US Army giveaway stokes further controversy

This is not the first time the US Army Esports team has hit the headlines in recent months. At the beginning of July, the official Twitter account for the team posted the cutesy emoticon “UwU,” in response to a tweet from chat service Discord. This led to the team’s official Discord channel being flooded with troll posts and political memes. The admins of the Discord group began blocking and deleting people who posted critical content.

Some Twitter users even posted videos of themselves “speed running” to see who could join and get banned within the fastest time.

Shortly after, the Discord channel’s open chat section was closed down by mods. Twitch and Twitter users have continued to troll the team’s official platforms since then, such as in the video below.

just having a good time with the US Army esports twitch stream @JordanUhl pic.twitter.com/qnjyxg1KP0

— Rod Breslau (@Slasher) July 8, 2020

Taken together, these cases demonstrate some clear hostility from social media when it comes to the US Army using esports as a recruitment tool. Although it may be in the public eye for now, this tactic is nothing new.

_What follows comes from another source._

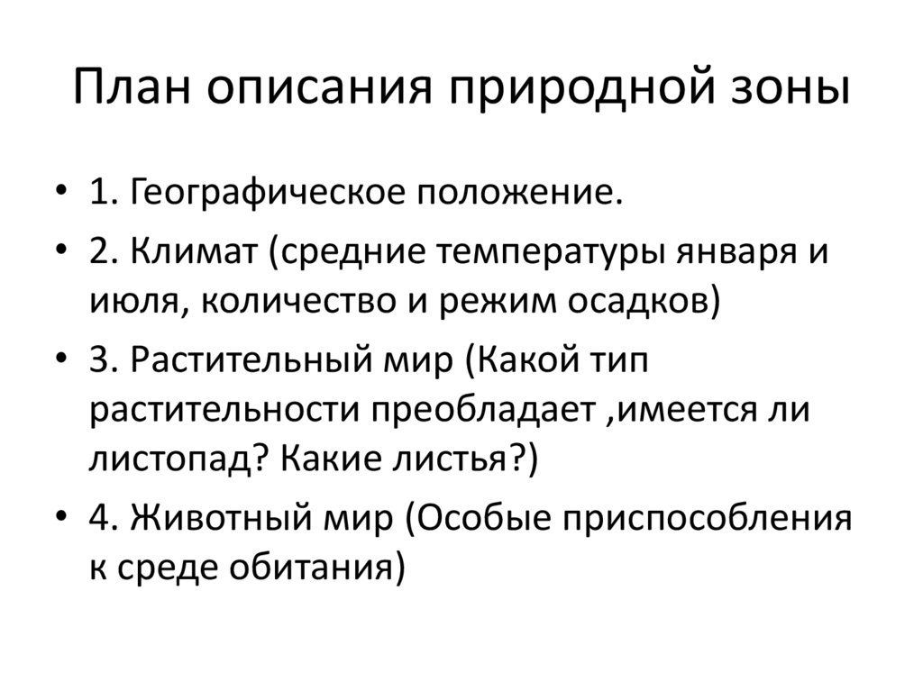 План описания природной зоны• 1. Географическое положение.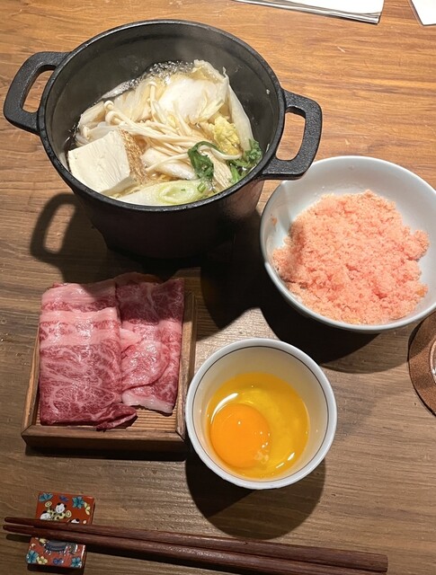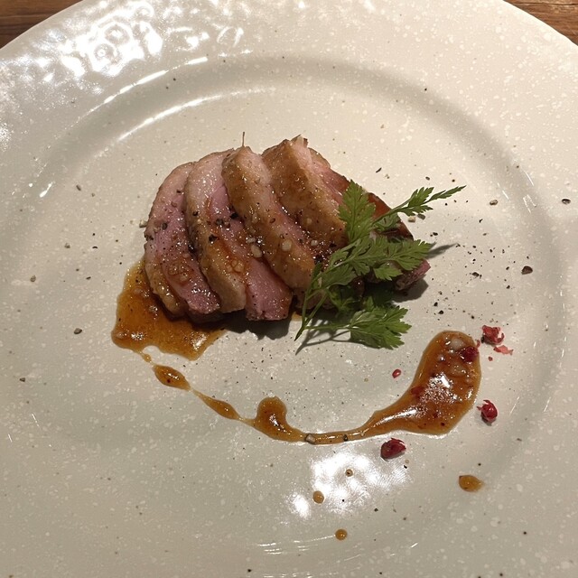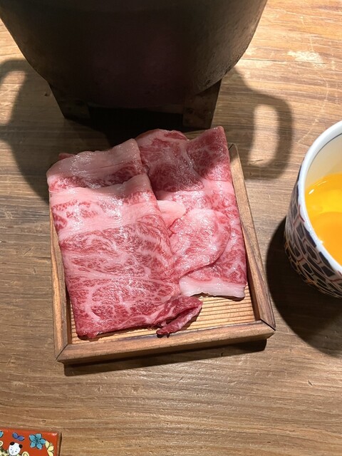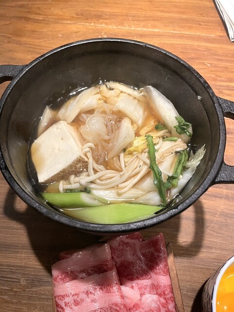 初めの揚げチーズから期待値が上がり、お刺身で燻製のお醤油などと頂くことができました。そして楽しみにしていたお肉たち!鴨のローストは柔らかくて美味しかった。そしてほぼメインなすき焼きは、トマトシャーベットと一緒に食べるという初めての食べ方。お肉は燻製卵にたっぷり付けていただきました。野菜をシャーベットと食べると甘みが増し、タレの、旨さもより際立つ感じ!

The Army has been using video games to entice new recruits since as far back as 2002, with the release of PC shooter America’s Army.

The official esports team started in 2018. It competes in a variety of games including Street Fighter, Call of Duty, Fortnite, and CS:GO.

The US Army’s Twitch giveaway tactic used here was definitely not acceptable, as backed up by Twitch. However, debate remains as to whether video games have a place in army recruitment at all. What do you think about this controversial issue for many?